Working data »
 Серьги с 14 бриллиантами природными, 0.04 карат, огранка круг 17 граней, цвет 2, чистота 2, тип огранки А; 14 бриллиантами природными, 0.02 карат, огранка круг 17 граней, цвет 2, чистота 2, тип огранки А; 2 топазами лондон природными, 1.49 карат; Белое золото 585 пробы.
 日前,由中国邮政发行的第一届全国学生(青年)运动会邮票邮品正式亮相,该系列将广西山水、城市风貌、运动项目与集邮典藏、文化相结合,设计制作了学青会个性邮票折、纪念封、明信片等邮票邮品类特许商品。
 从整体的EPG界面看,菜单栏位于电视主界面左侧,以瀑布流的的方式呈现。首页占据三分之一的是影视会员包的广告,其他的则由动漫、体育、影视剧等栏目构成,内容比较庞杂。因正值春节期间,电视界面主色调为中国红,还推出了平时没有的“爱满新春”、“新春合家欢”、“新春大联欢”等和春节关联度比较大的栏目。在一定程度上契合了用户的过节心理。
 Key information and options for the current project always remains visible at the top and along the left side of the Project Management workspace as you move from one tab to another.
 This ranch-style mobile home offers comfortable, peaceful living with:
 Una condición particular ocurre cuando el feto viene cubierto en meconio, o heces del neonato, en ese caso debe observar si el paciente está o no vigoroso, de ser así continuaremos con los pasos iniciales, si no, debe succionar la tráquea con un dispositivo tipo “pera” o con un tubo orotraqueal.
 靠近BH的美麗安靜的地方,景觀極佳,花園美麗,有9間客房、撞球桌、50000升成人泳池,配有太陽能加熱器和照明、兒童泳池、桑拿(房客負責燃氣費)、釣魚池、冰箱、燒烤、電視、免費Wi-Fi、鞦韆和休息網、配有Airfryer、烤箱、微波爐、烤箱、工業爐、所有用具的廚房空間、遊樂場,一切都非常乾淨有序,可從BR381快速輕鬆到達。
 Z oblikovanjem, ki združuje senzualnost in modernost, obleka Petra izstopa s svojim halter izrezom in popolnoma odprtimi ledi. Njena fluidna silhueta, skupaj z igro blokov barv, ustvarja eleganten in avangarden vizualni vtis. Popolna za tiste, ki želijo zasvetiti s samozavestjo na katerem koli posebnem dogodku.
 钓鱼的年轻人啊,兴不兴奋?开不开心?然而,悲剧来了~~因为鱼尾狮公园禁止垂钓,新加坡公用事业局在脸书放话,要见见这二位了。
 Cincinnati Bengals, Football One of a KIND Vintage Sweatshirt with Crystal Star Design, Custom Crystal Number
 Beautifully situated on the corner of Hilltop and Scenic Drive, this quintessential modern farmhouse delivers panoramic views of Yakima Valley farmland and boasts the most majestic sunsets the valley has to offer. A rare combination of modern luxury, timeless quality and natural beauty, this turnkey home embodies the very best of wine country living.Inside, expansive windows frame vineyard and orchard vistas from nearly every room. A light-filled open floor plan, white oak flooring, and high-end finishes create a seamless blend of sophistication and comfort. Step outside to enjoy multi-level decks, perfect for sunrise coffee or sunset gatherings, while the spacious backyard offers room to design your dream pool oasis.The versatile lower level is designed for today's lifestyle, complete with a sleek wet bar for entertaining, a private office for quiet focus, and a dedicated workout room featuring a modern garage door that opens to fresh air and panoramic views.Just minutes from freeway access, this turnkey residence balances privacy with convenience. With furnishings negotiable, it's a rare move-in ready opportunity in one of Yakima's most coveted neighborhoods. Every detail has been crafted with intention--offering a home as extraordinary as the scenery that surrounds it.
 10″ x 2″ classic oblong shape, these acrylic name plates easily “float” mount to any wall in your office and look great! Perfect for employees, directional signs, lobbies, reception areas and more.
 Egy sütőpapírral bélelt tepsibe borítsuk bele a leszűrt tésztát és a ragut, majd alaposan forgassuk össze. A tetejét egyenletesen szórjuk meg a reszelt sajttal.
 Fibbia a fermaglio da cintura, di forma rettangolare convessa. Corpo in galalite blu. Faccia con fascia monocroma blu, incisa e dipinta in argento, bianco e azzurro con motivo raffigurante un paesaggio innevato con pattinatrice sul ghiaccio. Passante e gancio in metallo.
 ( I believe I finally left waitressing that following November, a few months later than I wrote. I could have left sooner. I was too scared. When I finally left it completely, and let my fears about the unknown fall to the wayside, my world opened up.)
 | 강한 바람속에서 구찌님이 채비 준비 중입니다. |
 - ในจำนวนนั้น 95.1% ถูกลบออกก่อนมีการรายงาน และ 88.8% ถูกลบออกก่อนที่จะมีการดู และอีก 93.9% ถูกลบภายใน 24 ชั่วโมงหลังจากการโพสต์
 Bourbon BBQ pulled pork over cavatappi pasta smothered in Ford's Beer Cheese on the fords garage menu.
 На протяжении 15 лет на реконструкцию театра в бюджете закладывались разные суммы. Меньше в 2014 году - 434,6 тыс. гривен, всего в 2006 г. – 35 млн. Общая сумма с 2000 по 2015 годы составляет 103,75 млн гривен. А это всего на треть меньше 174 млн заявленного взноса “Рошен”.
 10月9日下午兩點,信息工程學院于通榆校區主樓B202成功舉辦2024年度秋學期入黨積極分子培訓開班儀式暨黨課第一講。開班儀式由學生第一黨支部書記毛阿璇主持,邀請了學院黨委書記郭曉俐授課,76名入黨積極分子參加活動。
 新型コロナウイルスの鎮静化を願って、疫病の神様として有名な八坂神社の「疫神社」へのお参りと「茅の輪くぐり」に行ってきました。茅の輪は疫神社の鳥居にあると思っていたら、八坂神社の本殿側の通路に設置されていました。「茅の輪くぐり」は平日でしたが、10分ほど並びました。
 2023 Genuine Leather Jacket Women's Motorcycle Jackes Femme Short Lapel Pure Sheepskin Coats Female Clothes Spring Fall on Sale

Try it » From the line holding "На протяжении 15" to the last line of the records, quote each line exactly and add nothing.

Response to this exercise »
 На протяжении 15 лет на реконструкцию театра в бюджете закладывались разные суммы. Меньше в 2014 году - 434,6 тыс. гривен, всего в 2006 г. – 35 млн. Общая сумма с 2000 по 2015 годы составляет 103,75 млн гривен. А это всего на треть меньше 174 млн заявленного взноса “Рошен”.
 10月9日下午兩點,信息工程學院于通榆校區主樓B202成功舉辦2024年度秋學期入黨積極分子培訓開班儀式暨黨課第一講。開班儀式由學生第一黨支部書記毛阿璇主持,邀請了學院黨委書記郭曉俐授課,76名入黨積極分子參加活動。
 新型コロナウイルスの鎮静化を願って、疫病の神様として有名な八坂神社の「疫神社」へのお参りと「茅の輪くぐり」に行ってきました。茅の輪は疫神社の鳥居にあると思っていたら、八坂神社の本殿側の通路に設置されていました。「茅の輪くぐり」は平日でしたが、10分ほど並びました。
 2023 Genuine Leather Jacket Women's Motorcycle Jackes Femme Short Lapel Pure Sheepskin Coats Female Clothes Spring Fall on Sale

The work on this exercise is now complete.